Cuevas de San Caprasio, a las que se retiraban los Hermanitos de Jesús.

Cuanto más cerca estamos de hacer cumbre, más se suceden los recodos, y resulta un tanto descorazonador. Son casi las tres de la tarde y no hemos comido, así que nos instalamos plácidamente en unas rocas que afloran de la tierra y sacamos unos bocadillos preparados con esmero. La imagen es de gran belleza, un extenso mar de cerros suavemente redondeados acompaña en el horizonte a la ermita de San Caprasio

Terminamos de comer, aprovecho para sacar mis apuntes, y me pongo a leer:

«Los vínculos entre Carlos de Foucauld y Kiko Argüello son varios y profundos, y van desde el momento de su conversión, a la intuición de la vida oculta en medio de los pobres, del modo de estar como ‘pobres entre los pobres’, hasta el ‘sueño’ de una capilla para la adoración en el Monte de las Bienaventuranzas». ¡Parece que he descubierto lo que buscaba! 

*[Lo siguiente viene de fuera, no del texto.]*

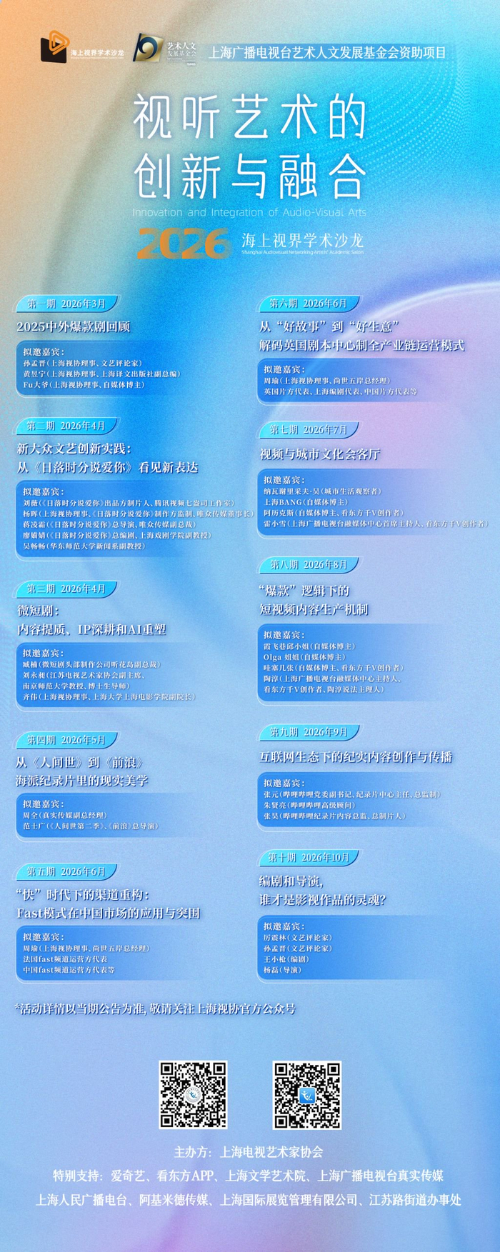 2026年度“海上视界学术沙龙”以“视听艺术的创新与融合”为主题,后续九期沙龙将围绕多元前沿议题展开深度探讨,涵盖微短剧的内容提质与IP深耕及AI技术赋能、海派纪录片的现实美学表达、算法驱动下短视频的内容生产机制、互联网生态下的纪实内容创作与传播,以及编剧与导演在影视创作中的核心协作关系等核心方向,同时聚焦新大众文艺的创新实践、Fast模式在中国市场的应用前景、英国编剧中心制的产业链运营逻辑、视频内容与城市文化空间的融合路径等热点话题。这场关于长剧“慢功夫”的对话,只是一个开始。

«El primer vínculo entre ambos es el grito, la súplica a Dios en el momento de la crisis existencial: ‘Dios mío, si existes, haz que te conozca’, es la invocación más famosa de Carlos de Foucauld -que pasó de una juventud marcada por el desenfreno y la increencia a la búsqueda constante y genuina de la presencia de Dios-. 

‘¡Si existes, ven, ayúdame, porque ante mí tengo la muerte!’, es la oración de Kiko Argüello. El propio Kiko dice: ‘Me preguntaba: ¿Quién soy yo? ¿Por qué existen las injusticias en el mundo? ¿Por qué las guerras?… Me alejé de la Iglesia hasta el punto de abandonarla totalmente. Había entrado en una crisis profunda buscando el sentido de mi vida… Estaba muerto interiormente y sabía que mi final, tarde o temprano, sería el suicidio’.  

Y, por medio del filósofo de la intuición, Henri Bergson, Kiko recibió una ‘primera luz’ de la existencia de Dios. Entró en su habitación y se puso a gritar a este Dios que no conocía. ‘Le grité: ¡Ayúdame! ¡No sé quién eres!. Y, en ese momento, el Señor tuvo misericordia de mí, porque tuve una profunda experiencia de encuentro con el Señor que me sorprendió. Recuerdo que estaba llorando amargamente, las lágrimas caían, las lágrimas fluían…’.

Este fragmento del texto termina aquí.